Justice Alito responds forcefully to Justice Breyer's "factorized" jurisprudence:
The factors relied upon by the Court are thus an uncertain guide to speaker identity. But beyond that, treating these factors as a freestanding test for the existence of government speech artificially separates the question whether the government is speaking from whether the government is facilitating or regulating private speech. Under the Court's factorized approach, government speech occurs when the government exercises a "sufficient" degree of control over speech that occurs in a setting connected with government speech in the eyes of history and the contemporary public, regardless of whether the government is actually merely facilitating private speech. This approach allows governments to exploit public expectations to mask censorship. . . .
And like any factorized analysis, this approach cannot provide a principled way of deciding cases. The Court's analysis here proves the point. The Court concludes that two of the three factors—history and public perception—favor the City. But it nonetheless holds that the flag displays did not constitute government speech. Why these factors drop out of the analysis—or even do not justify a contrary conclusion—is left unsaid. This cannot be the right way to determine when governmental action is exempt from the First Amendment.
If my math is right, this case will likely be Justice Breyer's final First Amendment decision. Regrettably, courts will have to struggle with the Shurtleff factors for years to come.
One other note on Justice Alito's concurrence. He flags an issue that may become important: do states have free speech rights with respect to the federal government?

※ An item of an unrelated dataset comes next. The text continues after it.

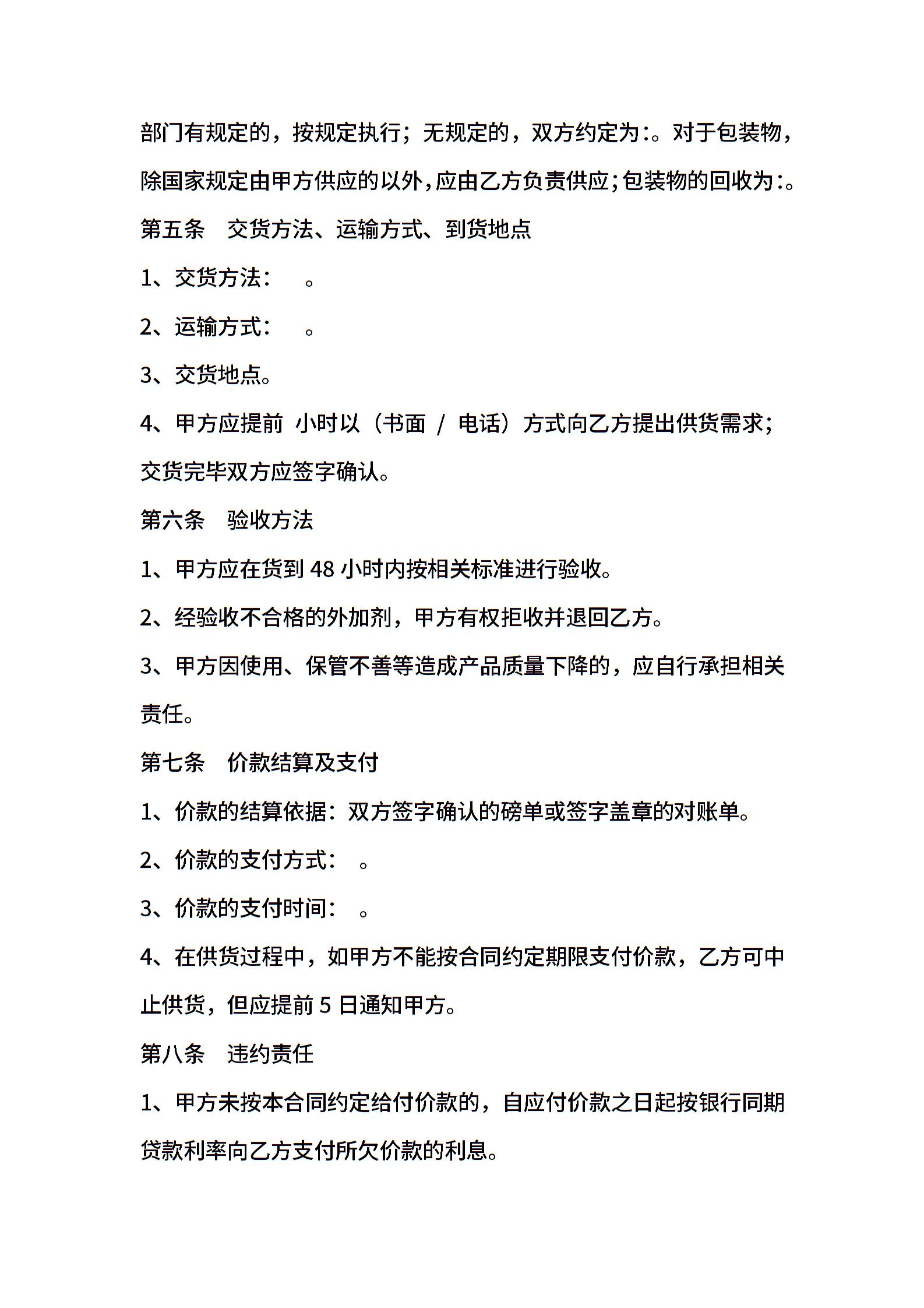 北京市混凝土外加剂买卖合同
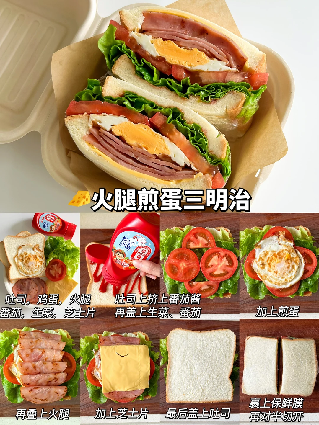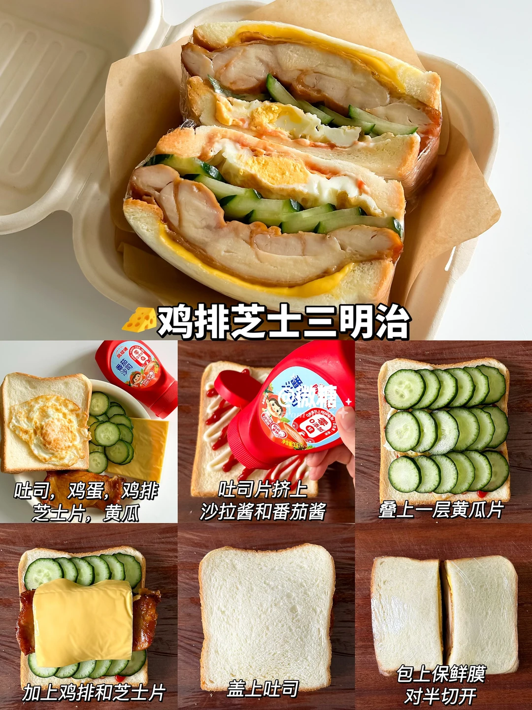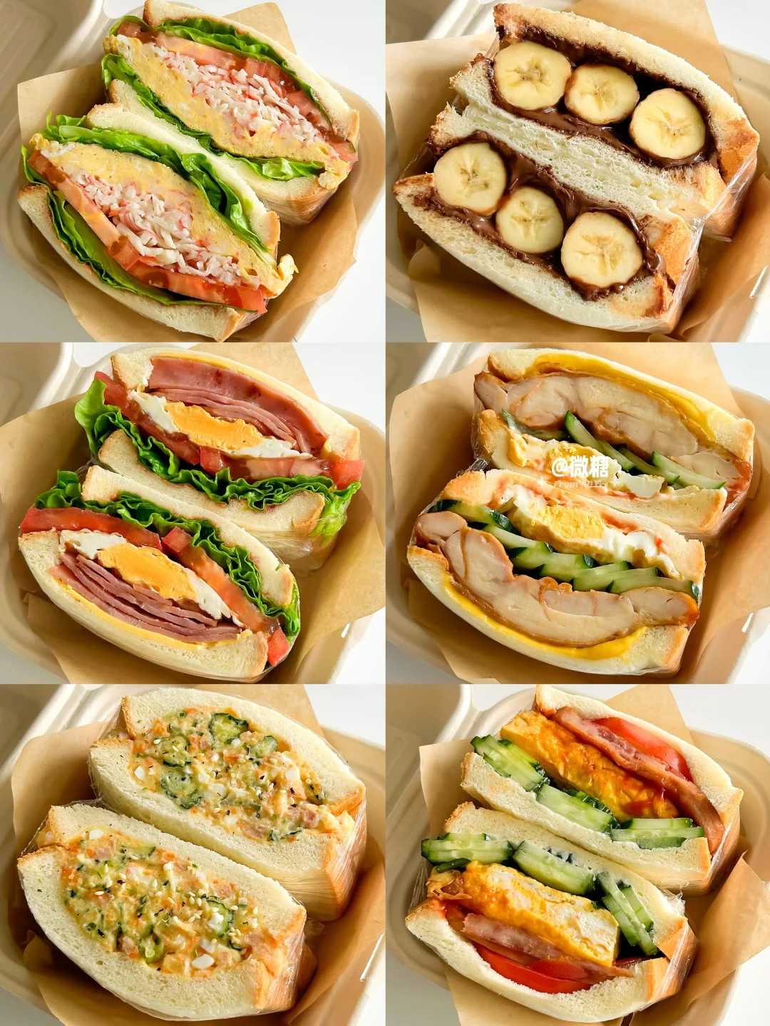 早餐最喜欢吃三明治啦!这样搭配的三明治真的巨好吃😋营养又快手,每天吃都吃不腻💕让孩子爱上吃早餐~一份营养美味的三明治搭配上一杯牛奶,又是元气满满的一天😋 做法简单易做!10分钟轻松搞定~只需要将食材一层层叠起来,再包上保鲜膜切开即可👌🏻 🦀蟹柳滑蛋三明治 🍌香蕉巧克力三明治 🥪火腿煎蛋三明治 🧀鸡排芝士三明治 🥔土豆沙拉三明治 🥒黄瓜厚蛋三明治

That is because the government-speech doctrine is not based on the view—which we have neither accepted nor rejected—that governmental entities have First Amendment rights. FN2
FN2: The text of the First Amendment also seems to exclude the possibility that the Federal Government has a constitutional right to speak, since it prohibits "Congress" and other federal entities and actors from "abridging the freedom of speech." A different analysis might be called for in a case in which the Federal Government attempts to restrict the speech of another sovereign. If the States had First Amendment rights against the Federal Government at the time of ratification, it is not obvious why that right would be eliminated by the incorporation of the speech rights of private citizens against the States through the Fourteenth Amendment.
Howard Wasserman writes at Prawfs:
A different issue–and possible future bomb–involves whether government has speech rights. Alito drops a footnote arguing the federal government does not have such a right, but that states might have free-speech rights against the federal government. The text of the First Amendment–prohibiting Congress from abridging–eliminates any free-speech right for the federal government against itself. But extending that restriction to state governments in the 14th Amendment as to private individuals does not answer the question of the speech rights of states as to the fed. So is the next line of lawsuit against anything policy from a Democratic administration going to be a claim that it violates Texas' free-speech rights?